We're thrown immediately into the fray, with a brutal, yet realistically messy shootout at a club show, which Chi-Raq himself is confidently headlining. Unperturbed by one of his henchmen being shot (it's all part of the cause) Chi continues on with his business until his girlfriend's house is burned down, forcing him into action.

The young, wannabe gangster responds the only way he knows how: by running into the street armed with a huge automatic weapon, firing off rounds at the receding parties. His answer to violence is more violence.​​

Chi-Raq is a brash, vibrantly-coloured and very modern take on a Greek comedy (Aristophanes' Lyristrata), but its core emotion is anger. Uncomfortable, unavoidable, and often uncontrollable anger. The interpolations between stylised iambic pentameter, delivered by an impressive cast, and real-world references to the slaying of young black people by cops and gang-members alike roots the story in the here and now. It gains more traction as we watch.

Notably, it takes the wildly extravagant idea of a sex strike (and a good two hours of diverting plot-lines and musical interludes) before any blame is taken or anything resembling peace is approached. The message is clear: major steps need to be taken to combat this issue. Lee, as a storyteller and activist alike, has had enough. And we, as an audience living in a world uncomfortably close to the lurid, inescapably violent one he presents, should have had enough too.

In casting real-life victim of gun violence, and Chicago native, Jennifer Hudson (three members of whose family were shot and killed), Lee further anchors his often fantastical story in the real world, in our world. Members of Purpose Over Pain also appear, holding up photos of their deceased children in an effort to hammer the point home, to both the characters and the audience.

The take-no-shit attitude of Chi-Raq's female protagonists mirrors Lee's. There will be no more discussion, no more false promises, only action. The stand they take also echoes that of the recent women's marches against Trump. Only, in the world of the film, it brings about considerable change.

This is a hugely political movie, and unashamedly so. John Cusack's preacher (based on a real person, and the only white character), points out, over the course of a thrillingly lengthy sermon, how the government is in the pockets of the NRA, that it's easier to buy a gun than a computer and that black men are gunning each other down, doing the work of the predominantly white higher-ups for them.

As he speaks, Cusack delicately dangles a hand-gun in front of a congregation who barely blink at his brandishing a weapon. They're too used to them, living in an area in which "sirens and gunshots are our soundtrack", and where a child is gunned down in the midst of a drive-by in broad daylight.

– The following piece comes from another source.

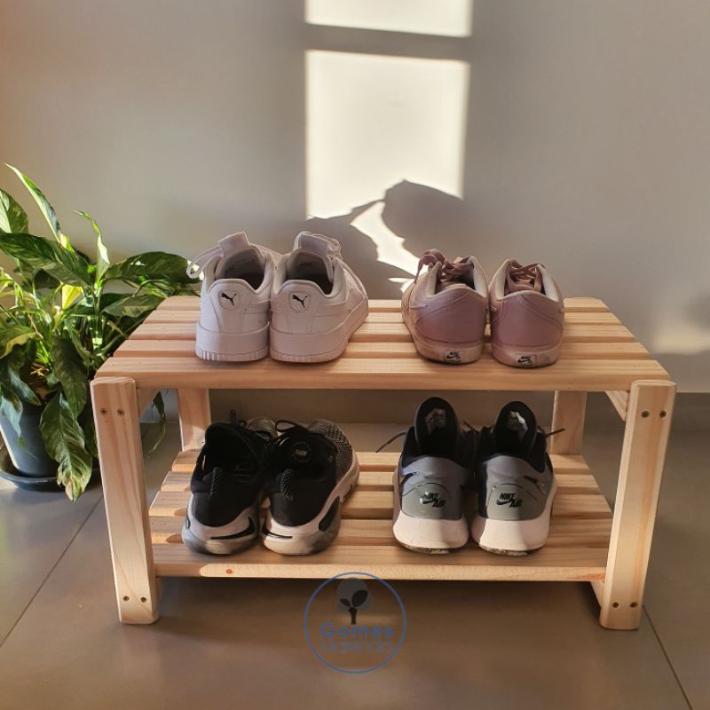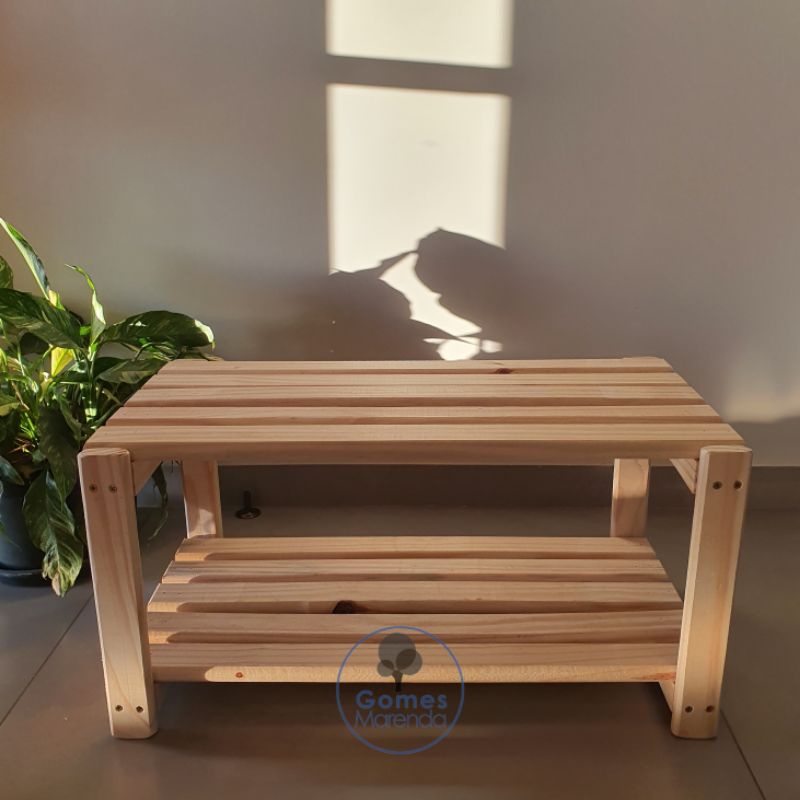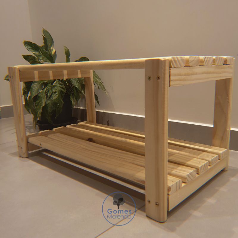 Sapateira Banco para Hall de Entrada em Madeira de Pinus com 2 Prateleiras

The central conceit of Chi-Raq (a group of rival gang members' girlfriends unite for a sex strike in a desperate attempt to halt the violence in their community) may be fantastical, and its ambitions considerable, but the message is strong. Lee isn't claiming to have all the answers, but he does make the point that gun crime against black people must be stopped from all angles – particularly internally.

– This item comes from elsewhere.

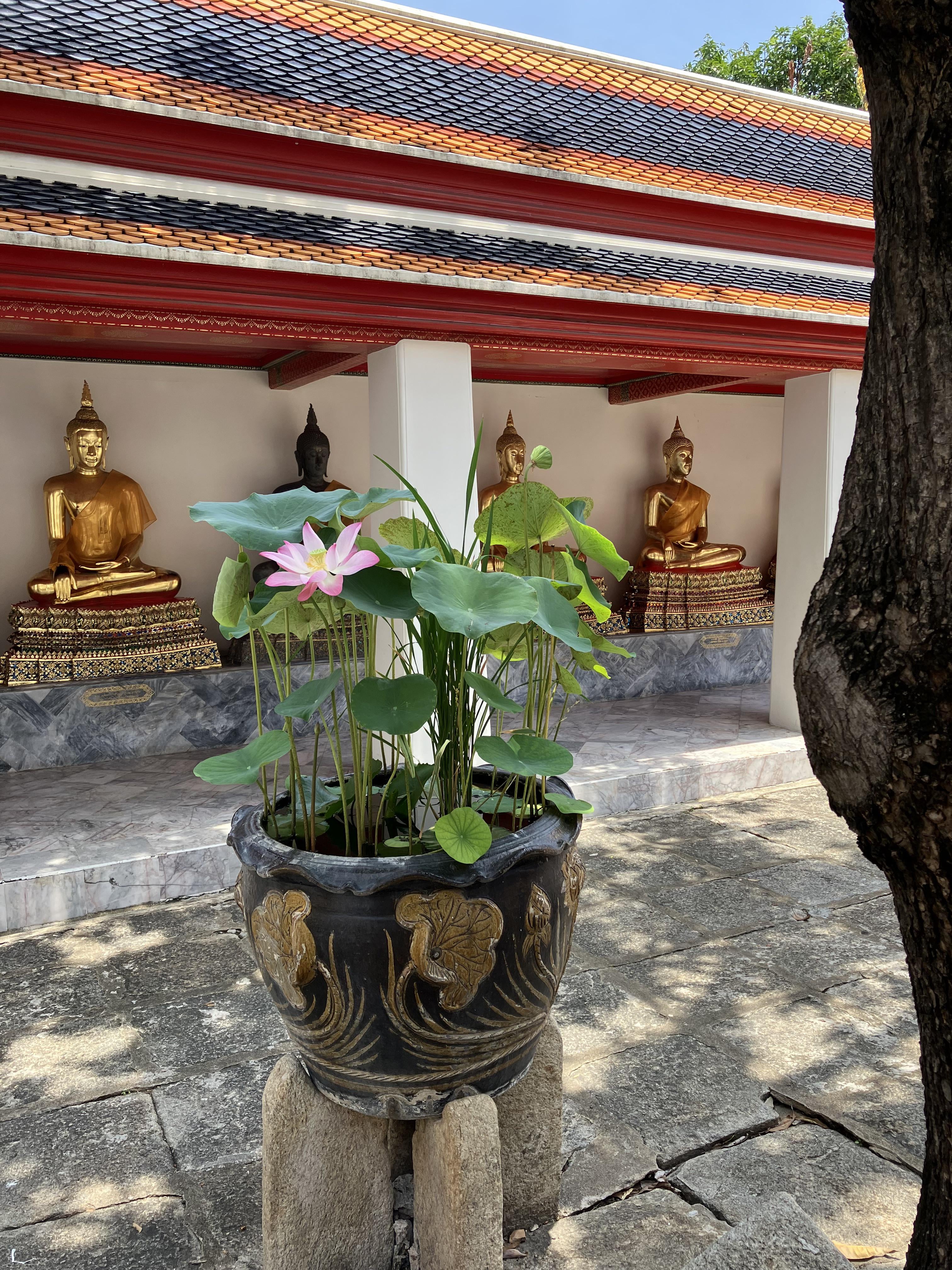 In Thailand, in den Tempeln und vor vielen Häusern auf der Straße gibt es überall Mini -Wassergärten mit Lotus, Wasser -geboren und verschiedene Wasserpflanzen sowie kleine Fische, oft Guppy.

Angela Bassett's exhausted, grieving mother further explains how the US pays out to rehabilitate communities in Iraq and Afghanistan, but leaves black communities to murder each other in poverty. Horrifying events such as the Sandy Hook massacre make things even more difficult because "when they murder white babies and things don't change, saving black lives is way outta range".

The attention-grabbing verse, much of it rhyming couplets, might seem like a deterrent for a movie this dense, and with its finger firmly on the pulse of urgent, real-world issues. But thanks to its hip-hop style delivery from a cast of committed performers (including Bassett, Cannon, Wesley Snipes and firecracker lead Teyonah Parris), long swathes of wordy dialogue are tight, rat-a-tat quick and frequently very funny.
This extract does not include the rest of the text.